There is a second-order effect here too. If defenders get access to these systems first, they can harden software before attackers catch up. If attackers get there first, the blast radius could be ugly. That is why Anthropic’s staged rollout is more than a PR move; it is a risk-management test for the whole field.

What this means for developers and security teams

For developers, the immediate takeaway is uncomfortable but useful: assume AI-assisted vulnerability discovery is part of normal security work now. Code that sailed through review last year may not survive a model that can reason across files, dependencies, and binary behavior in one pass.

For security teams, the next step is to treat AI findings like a new class of input, not a replacement for existing controls. That means updating triage pipelines, tightening patch workflows, and deciding where AI should be allowed to run in internal environments. It also means more attention on model access, because a tool that helps defenders can also help intruders if it falls into the wrong hands.
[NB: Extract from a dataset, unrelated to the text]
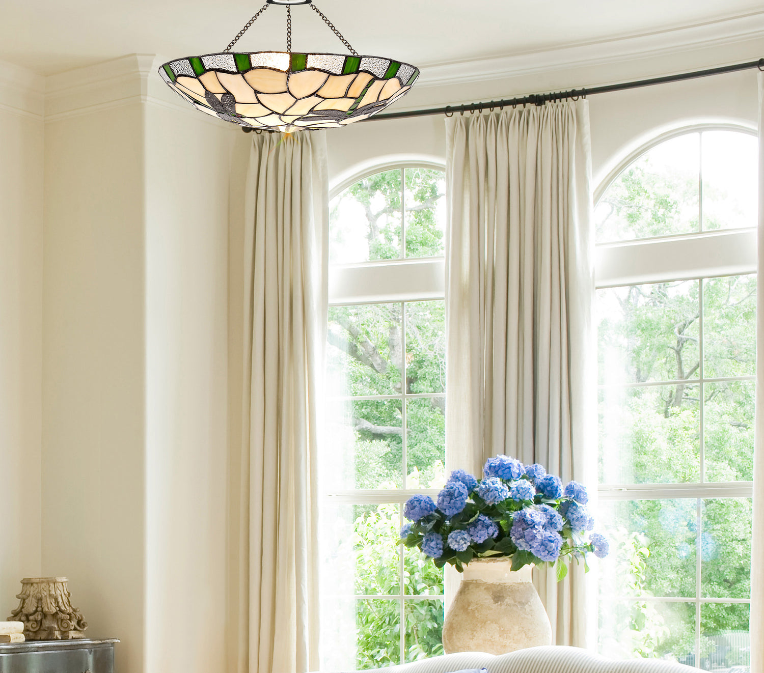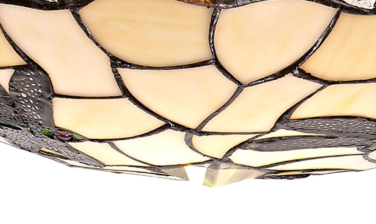 A classically traditional Tiffany shade collection, Ozaki pairs primary colours with a more neutral cream to create a balanced combination of beautiful Tiffany glass. The familiar dragonfly pattern is slightly modernised with the clear crystal pieces in place of the more expected glass drops adding a touch of sparkle for a new age. Designed for use with an uplighter kit, Ozaki is a perfect representation of all Tiffany glass has to offer.

If you want a useful mental model, think of Mythos Preview less as a chatbot and more as a very fast junior researcher with access to huge amounts of code. That kind of system can save time, but it can also overwhelm teams that are not ready to process the output.

My prediction is simple: the first companies to adopt AI-assisted security well will be the ones that pair model access with strict review and fast patching. The companies that treat it like a novelty will spend the next year catching up after someone else’s model finds their bugs first.

For readers tracking this shift, the real question is not whether AI will change security. It already is. The question is whether your team is building processes for a world where vulnerability discovery gets faster every quarter.